Charmed by its lightweight, modest dimensions and its promise of high-revving horsepower, General Motors was itching to drop the Wankel design being used by companies like NSU and Mazda (which, like GM, had licensed the German automakers design) into an affordable car like the Monza. Unfortunately, the company was never able to overcome the rotary's propensity to guzzle gas, and the idea had to be shelved.
Given the Monza's Italian-inspired looks, it needed more than just the base four-cylinder engine in the line-up in order to court fun-seeking buyers (especially considering that 2.3L unit was the same trouble-prone aluminum block unit found in the Vega). The solution came in the form of a 4.3L V8 that was good for 115hp (or, if you were lucky and lived in California or the Rockies, a 5.7L V8 that added an extra 10 ponies).
Neither car was particularly quick, hitting 60-mph in a slothful 18.5 seconds, but that was true of almost every other auto in the GM line-up at the time (including the Monza's corporate clones the Oldsmobile Starfire, the Buick Skyhawk, and the Pontiac Sunbird, sold on the same H-body platform). A 5.0 eight-cylinder became available in 1977, bringing with it 140hp, and by the end of the car's six year run a V6 was also in the cards.
Despite its mediocre straight line sped, the Monza (and a few of its siblings) made their case by emphasizing handling chops over muscle. There were several Chevy Monza Spyder packages, which offered a mix of light performance-enhancing features (more responsive suspension, dual exhaust), with a long list of visual upgrades that included spoilers, decals, and air dams.
There was also the Mirage edition of the car, a call-out to road course racers by way of its widebody look and aero goodies. Chevrolet had taken the Monza racing on the IMSA circuit, and for the 1977-only package many of the Mirage cars featured a similar patriotic paint job as compared to the competition cars.
Not every Monza was sporty, of course. There was a Towne Coupe with a trunk available, and the base car was nothing special.
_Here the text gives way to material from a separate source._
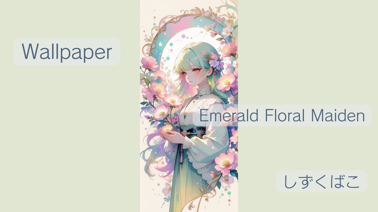エメラルドグリーンの髪と、優しく広がる花々が印象的なスマートフォン壁紙です。
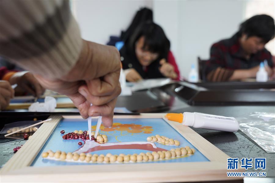 10月26日,在重庆市北碚区澄江镇五一村,村民在体验五谷粮食画制作技艺。 重庆市北碚区的五谷粮食画通过粘、贴、拼、雕等手段,能将平时常见的各种粮食巧妙设计、精心粘贴后变成山水、人物、花鸟、卡通等形象的画作。近年来,当地五谷粮食画非遗传承人多次走进乡村,向居民传授五谷粮食画制作技艺,让更多的人认识了解粮食画的艺术魅力,让这门特色艺术不断传承和发扬。 新华社发(秦廷富 摄)

Then there was the awkward 'Vega' phase towards the end of the decade, where GM gave leftover version of the out-of-production compact the Monza nose and sold wagon and hatch hybrids as the Monza S.
The Monza would leave dealerships after the 1980 model year to make way for GM's new X-body, front-wheel drive small cars, which would prove to be a complete and total disaster for the company.
Decent Potential, If You Can Find One
If much of the above sounds underwhelming, it's true that in stock form the Monza fell victim to the same listlessness that preyed on almost every American performance car of its time. The platform, however, had potential that savvy hot rodders could use to elevate the Monza above less exciting competitors like the Mustang II. With a curb weight of 3,000 lbs, it was equally at home on a drag strip or as a road course option for budget-oriented builders.
Leaving aside the IMSA cars, which would dominate the GT class in 1976 and 1977 (while sharing only body work, roof, and glass with the stock car), the Monza platform could accept a wide range of V8 engine swaps, or indeed have its own V8s modified using the same small block Chevy parts that were common to the brand's earlier muscle machines. That aftermarket support continues to this day, and owners of four-cylinder Chevy Monzas frequently substitute an eight-cylinder motor to build a much more powerful version of the pint-size hatch (not to mention replace its stock 13 inch wheels for meatier 15 inchers).
Today, the Monza is a rare beast. Although 800,000 examples were built, rust, attrition, and poor build quality conspired to thin the herd dramatically in the decades since the Chevrolet was new. Throw in the fact that few Monza owners expected to get more than a handful of years use out of their cheap rides—an attitude endemic to Detroit's casual production values of the time—and these cars were never deemed special enough to be saved. After briefly flooding the market, the ravages of time have made the Monza and its cousins an unusual sight at any cruise night.